_DATA RECORDS_
----------------

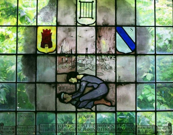 De hulp bleef niet onopgemerkt. Op 11 juli 1946 brachten de burgemeesters van Aardenburg en Schoondijke een officieel bezoek aan De Bilt. Ze legden een krans bij het houten kruis voor de gevallenen en kondigden een blijvend eerbetoon aan: een gebrandschilderd glas-in-loodraam voor de trouwzaal van het gemeentehuis. Het raam, ontworpen door Jan Boon en vervaardigd door atelier Bogtman, toont de wapens van de drie gemeenten, oorlogstaferelen en iemand die zich ontfermt over een slachtoffer; een verwijzing naar de barmhartige Samaritaan. (Zie de afbeelding hieronder.)
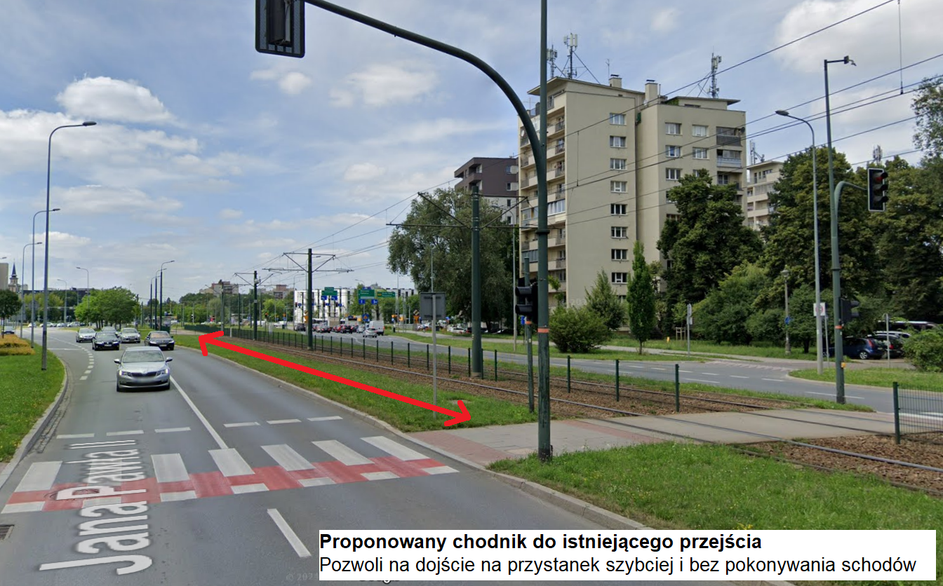 i Infrastruktury UMK propozycja budowy chodnika jest bezzasadna., gdyż budowa chodnika o min. szerokości 2m zgodnego z obowiązującymi Standardami Infrastruktury Pieszej Miasta Krakowa (Zarządzenie nr 3188/2021 PMK z dnia 9.11.2021r.) wiąże się z przebudową części alei Jana Pawła II. Ponadto wskazuje się, że przy każdym peronie tramwajowym zlokalizowane są windy dla osób o ograniczonej mobilności ułatwiające pokonywanie różnic poziomów.
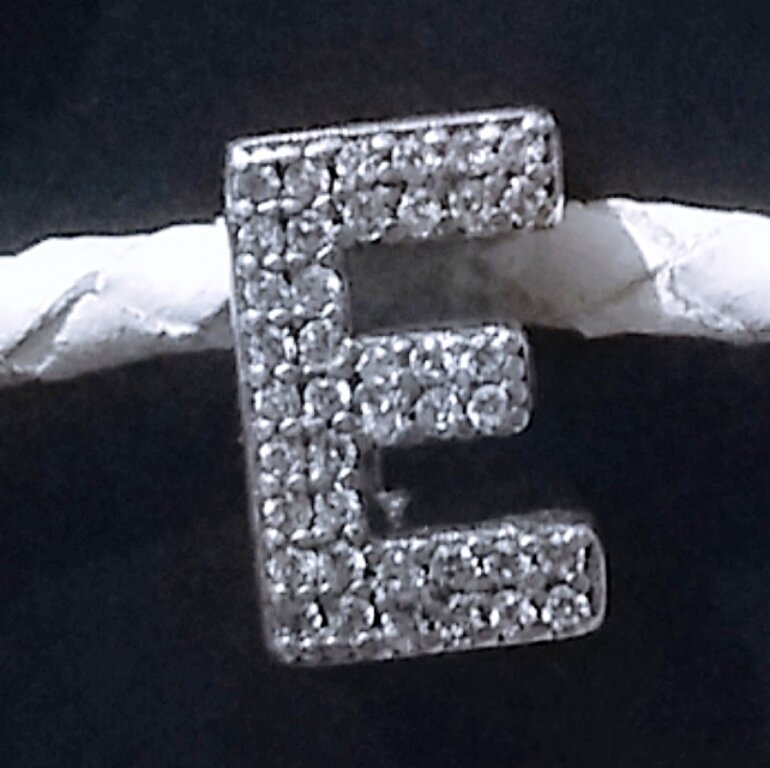 Hermosa letra E con cristales, de plata S925. Visita mi clóset para más cosas encantadoras porque en paquete es más barato
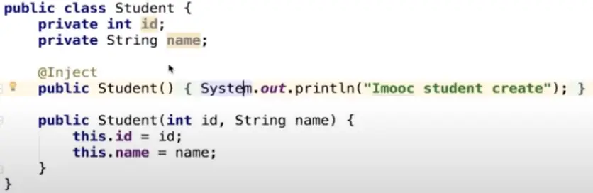 - 用@Inject标注构造注入的成员变量Student的构造方法
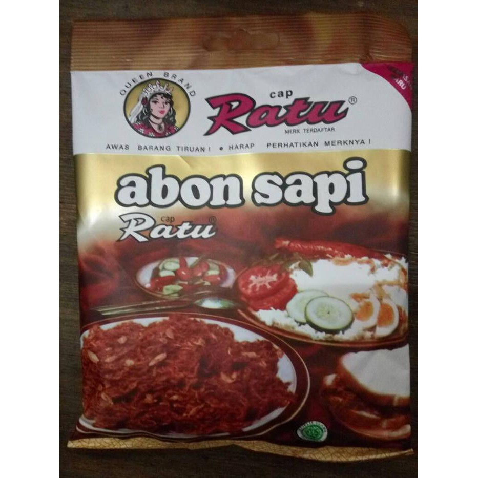 abon sapi cap ratu terbuat dari daging sapi murni dengan bumbu yang terpilih, cocok buat lauk, berat bersih 90gr (dijamin abon ratu asli)
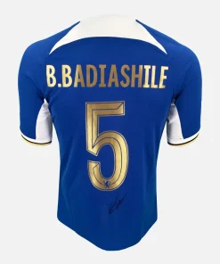 Benoît Badiashile personally signed and framed Chelsea football shirt. 2023-24 season with gold cup edition name and number print, displayed in our smart compact shirt frame finished in black aluminium.
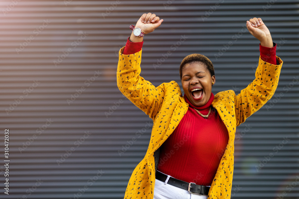 Tableau sur toile Joyous woman with arms raised in front of a wall
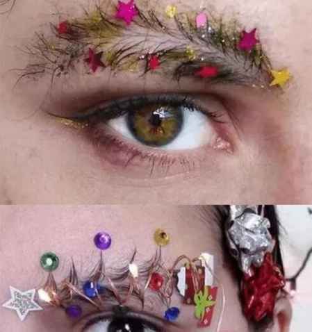 圣诞的眉妆,就是将眉毛化成圣诞树的样子,看着就很像圣诞树,加上补贴色彩的点缀,虽然看起来是有些奇怪,但却不得不承认是很有节日气氛,看多几眼会有些**了。
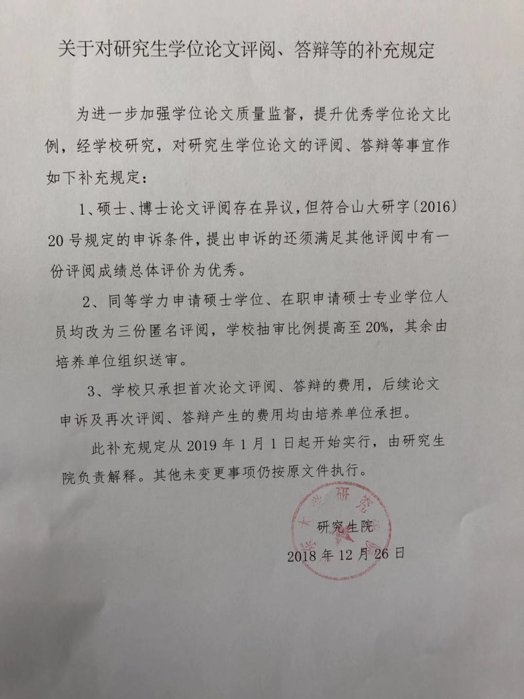 关于对研究生学位论文评阅、答辩等的补充规定
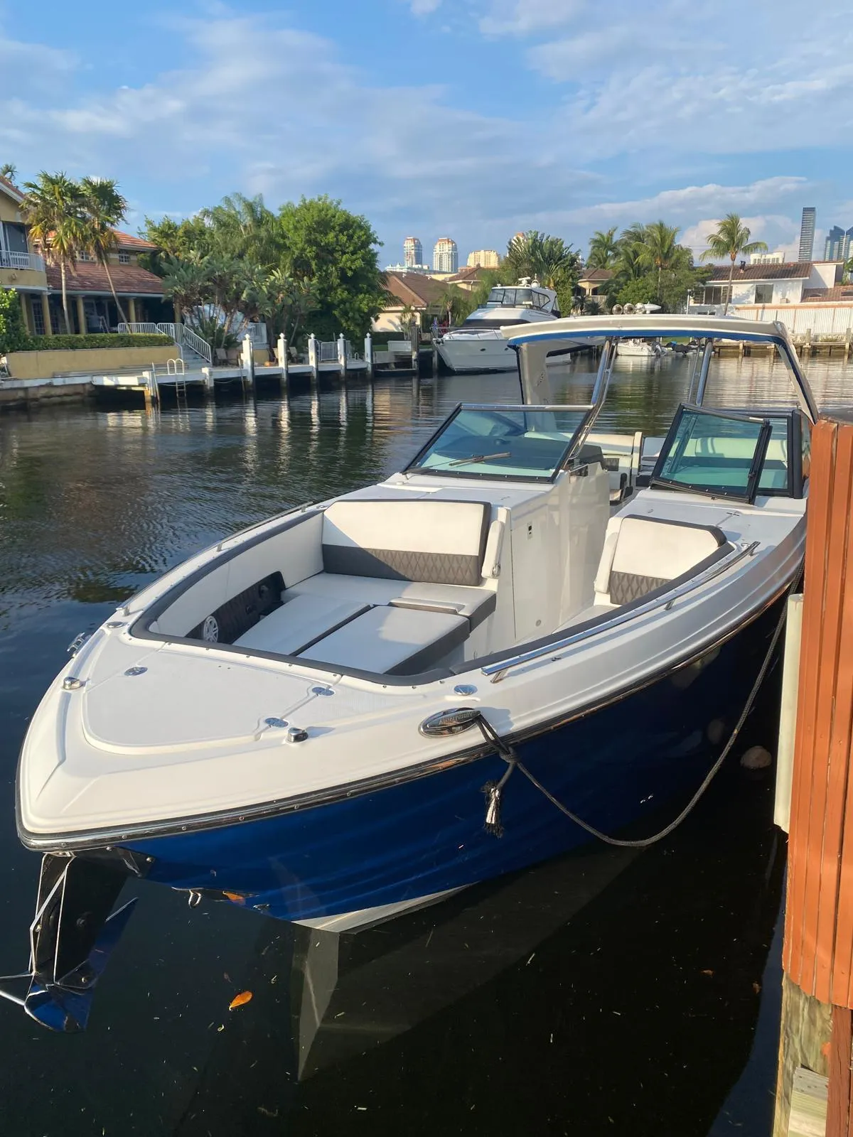 The 2019 Monterey 385 SE (Super Express) is a luxury bowrider that blends high-performance capabilities with upscale comfort, making it ideal for both day cruising and overnight stays.

----------------

_YOUR INSTRUCTIONS_
Write out the entries above verbatim, without pictures.

_EXERCISE RESULT_
 De hulp bleef niet onopgemerkt. Op 11 juli 1946 brachten de burgemeesters van Aardenburg en Schoondijke een officieel bezoek aan De Bilt. Ze legden een krans bij het houten kruis voor de gevallenen en kondigden een blijvend eerbetoon aan: een gebrandschilderd glas-in-loodraam voor de trouwzaal van het gemeentehuis. Het raam, ontworpen door Jan Boon en vervaardigd door atelier Bogtman, toont de wapens van de drie gemeenten, oorlogstaferelen en iemand die zich ontfermt over een slachtoffer; een verwijzing naar de barmhartige Samaritaan. (Zie de afbeelding hieronder.)
 i Infrastruktury UMK propozycja budowy chodnika jest bezzasadna., gdyż budowa chodnika o min. szerokości 2m zgodnego z obowiązującymi Standardami Infrastruktury Pieszej Miasta Krakowa (Zarządzenie nr 3188/2021 PMK z dnia 9.11.2021r.) wiąże się z przebudową części alei Jana Pawła II. Ponadto wskazuje się, że przy każdym peronie tramwajowym zlokalizowane są windy dla osób o ograniczonej mobilności ułatwiające pokonywanie różnic poziomów.
 Hermosa letra E con cristales, de plata S925. Visita mi clóset para más cosas encantadoras porque en paquete es más barato
 - 用@Inject标注构造注入的成员变量Student的构造方法
 abon sapi cap ratu terbuat dari daging sapi murni dengan bumbu yang terpilih, cocok buat lauk, berat bersih 90gr (dijamin abon ratu asli)
 Benoît Badiashile personally signed and framed Chelsea football shirt. 2023-24 season with gold cup edition name and number print, displayed in our smart compact shirt frame finished in black aluminium.
 Tableau sur toile Joyous woman with arms raised in front of a wall
 圣诞的眉妆,就是将眉毛化成圣诞树的样子,看着就很像圣诞树,加上补贴色彩的点缀,虽然看起来是有些奇怪,但却不得不承认是很有节日气氛,看多几眼会有些**了。
 关于对研究生学位论文评阅、答辩等的补充规定
 The 2019 Monterey 385 SE (Super Express) is a luxury bowrider that blends high-performance capabilities with upscale comfort, making it ideal for both day cruising and overnight stays.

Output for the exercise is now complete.